## [SUPPLIED DATA]
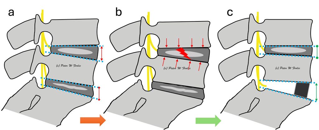 Abb. 1: Schematische Darstellung von Kompensationsmechanismen (a) mit unphysiologischen Belastungen (b) im kranialen Nachbarsegment bei segmentaler hypolordotischer Deformität L5/S1 sowie Reduktion derselben bei Wiederherstellung der Lordose durch interkorporelle Fusion (c)
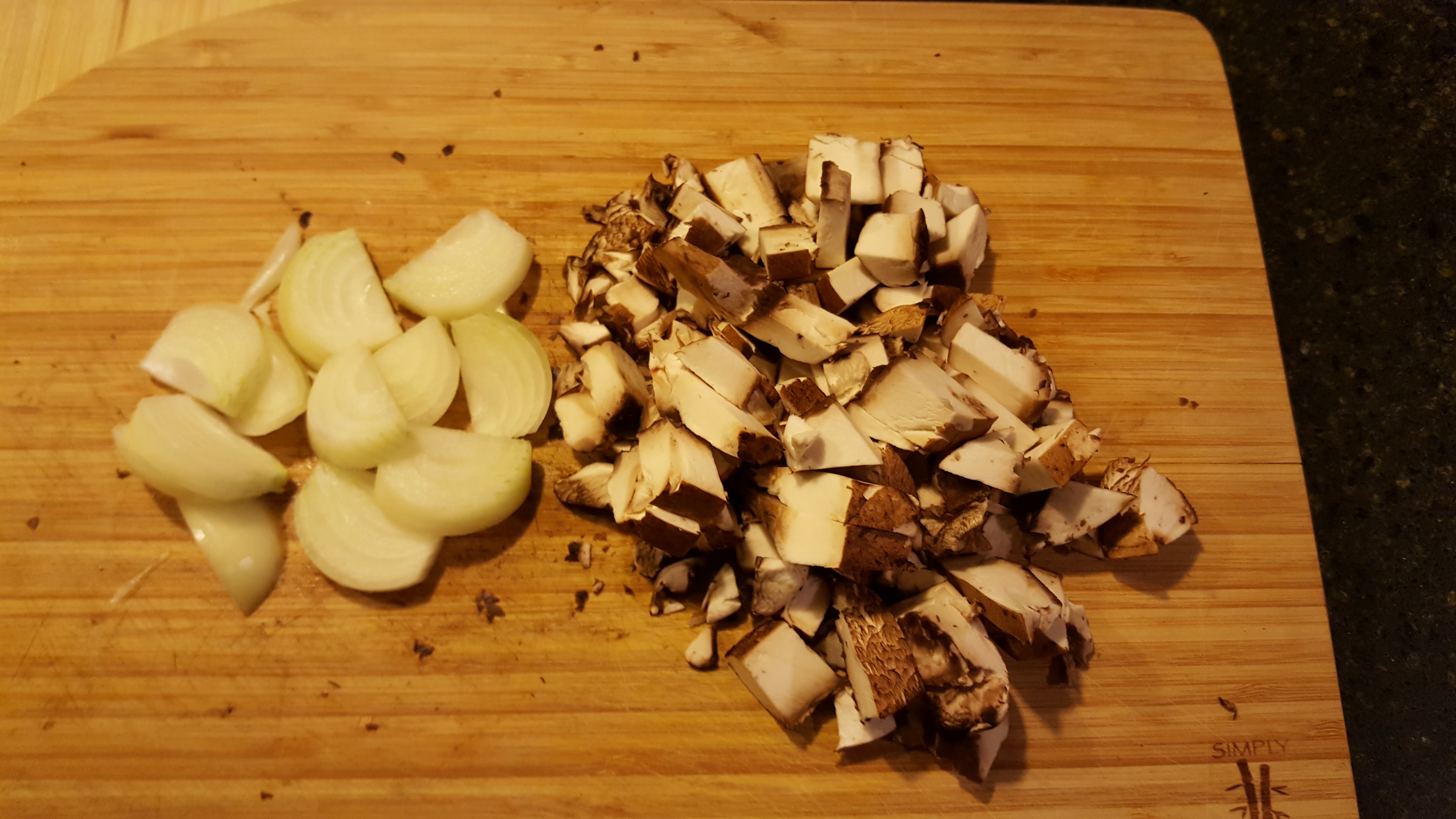 Remove the stems and gills from 2 portabella mushrooms and give them a chop. Peel and chop 1 onion. Heat 2 tablespoons of extra virgin olive oil over medium heat. Cook the onions and mushrooms for 6-8 minutes, then deglaze the pan with the beef stock and cook another 2-3 minutes
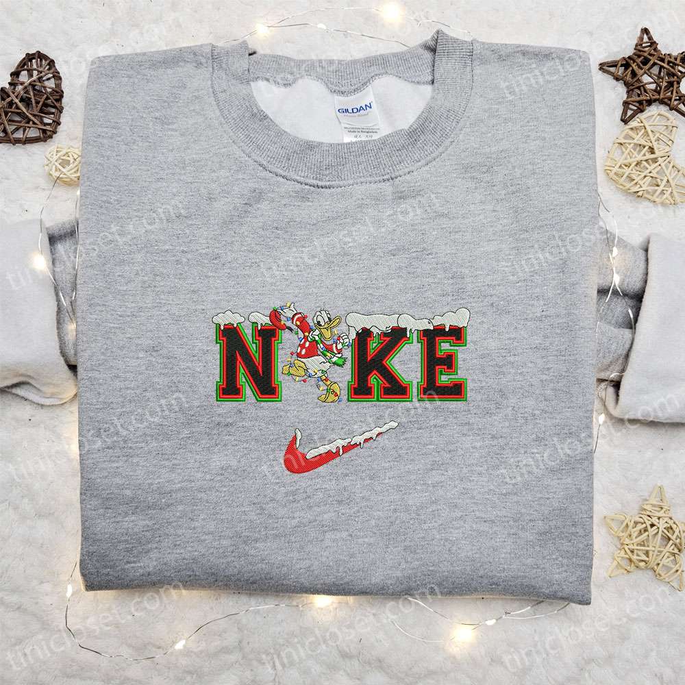 Nike X Donald Xmas Embroidered Sweatshirt, Disney Characters Embroidered T-shirt, Nike Inspired Embroidered Sweatshirt
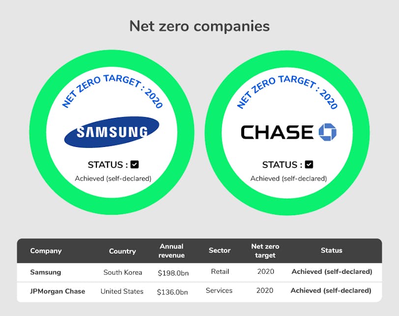 1. Samsung, JPMorgan Chase | Net zero target year: 2020 | Status: Achieved (self-declared)
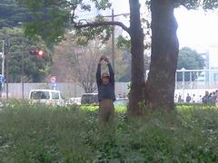 「地を這う前衛」田中泯さん。公式HPで新宿の路上で踊るという情報を得たので、行ってきました。時間と場所だけでが指定されていたので、近くのドトールでコーヒーを飲みながら出現を待つ。なかなか始まらないなと思っていると、やがて外に集まった人々が何やら見上げている気配を感じました。店を出てみると、なんと泯さんは近くの雑居ビルの3、4階の窓から出現。そこから身を乗り出すようにして踊っているのが見えました。落ちるんじゃないかとはらはらしながら見ていたのですが、やがて一度、中に引っ込みました。しばらく間をおいて、今度は一回から路上に出現。宝くじ店の看板にぶら下がったり、近くの植え込みの潜り込んだりとやりたい放題。やがて、宝くじ店のおばさんが通報したのか、集まりすぎた観客が車道にはみ出して危なかったからなのかわかりませんが、パトカーと警官が出動する騒ぎに。
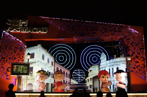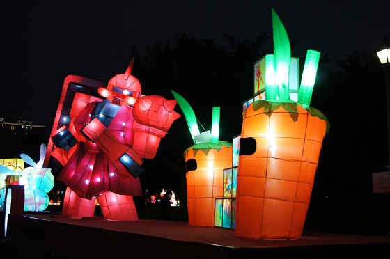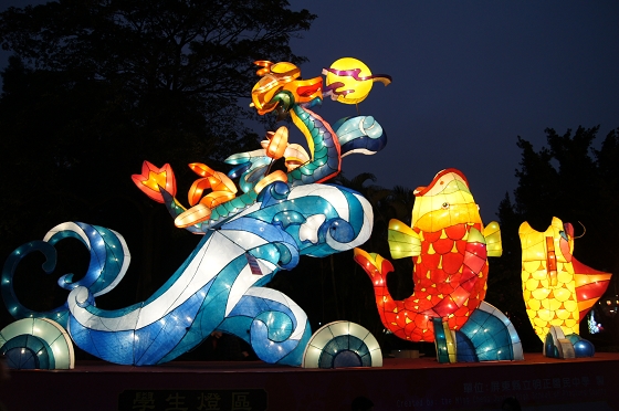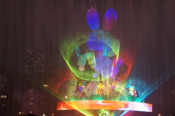當然,造型燈籠雖然吸引人,但最吸引人的,還是主燈秀呀!今年的主燈秀很酷,燈光搭配水花,以祝福的話語為主題,精采又迷濛,沒攝影起來真是太可惜啦!明年一定要好好準備才行。
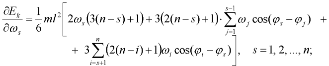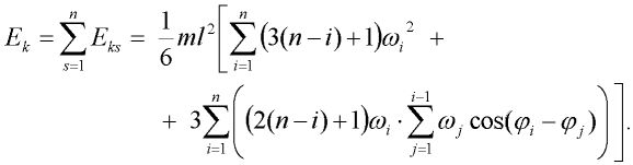 je pootočení s-tého tuhého dílce. Kinetická energie prvního dílce je potom:
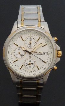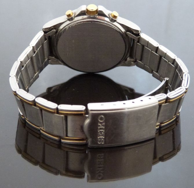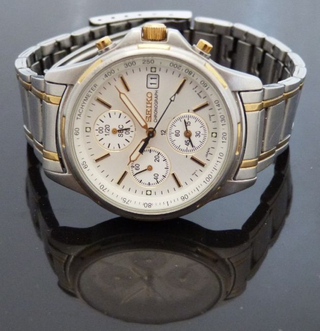 Seiko gentleman's chronograph wristwatch ref. 7T2-0BA0 with date aperture, luminous hands, two-tone baton markers, silver face and quartz movement, on bi-metal bracelet, case diameter 36.4mm, serial number 3D0195.
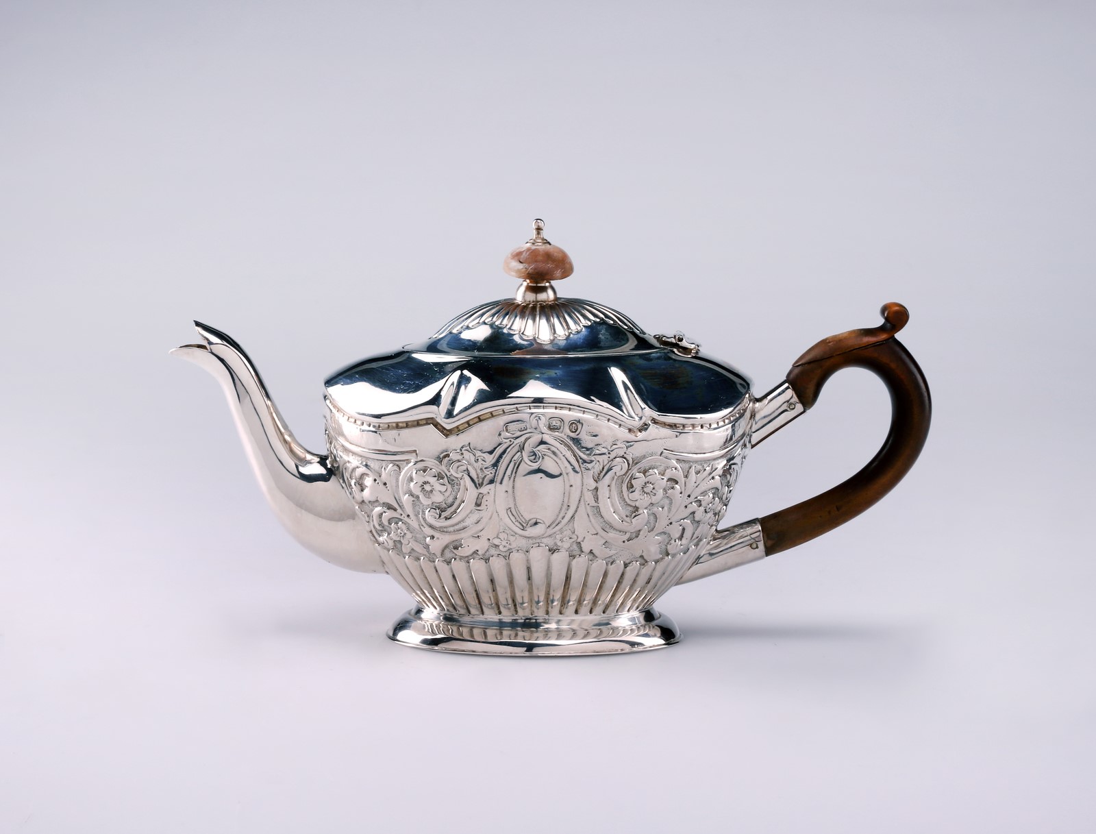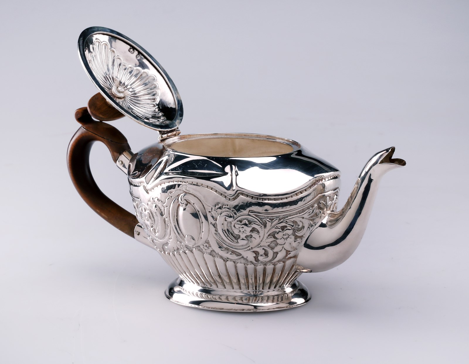 ARGENTIERE INGLESE DEL XIX SECOLO Teiera in argento sbalzato e cesellato. ....

## [TASK]
Beginning at the line above that contains "Remove the stems", repeat each line exactly through the one that contains "1. Samsung, JPMorgan", and leave out the pictures.

## [ANSWER TO THIS PROBLEM]
 Remove the stems and gills from 2 portabella mushrooms and give them a chop. Peel and chop 1 onion. Heat 2 tablespoons of extra virgin olive oil over medium heat. Cook the onions and mushrooms for 6-8 minutes, then deglaze the pan with the beef stock and cook another 2-3 minutes
 Nike X Donald Xmas Embroidered Sweatshirt, Disney Characters Embroidered T-shirt, Nike Inspired Embroidered Sweatshirt
 1. Samsung, JPMorgan Chase | Net zero target year: 2020 | Status: Achieved (self-declared)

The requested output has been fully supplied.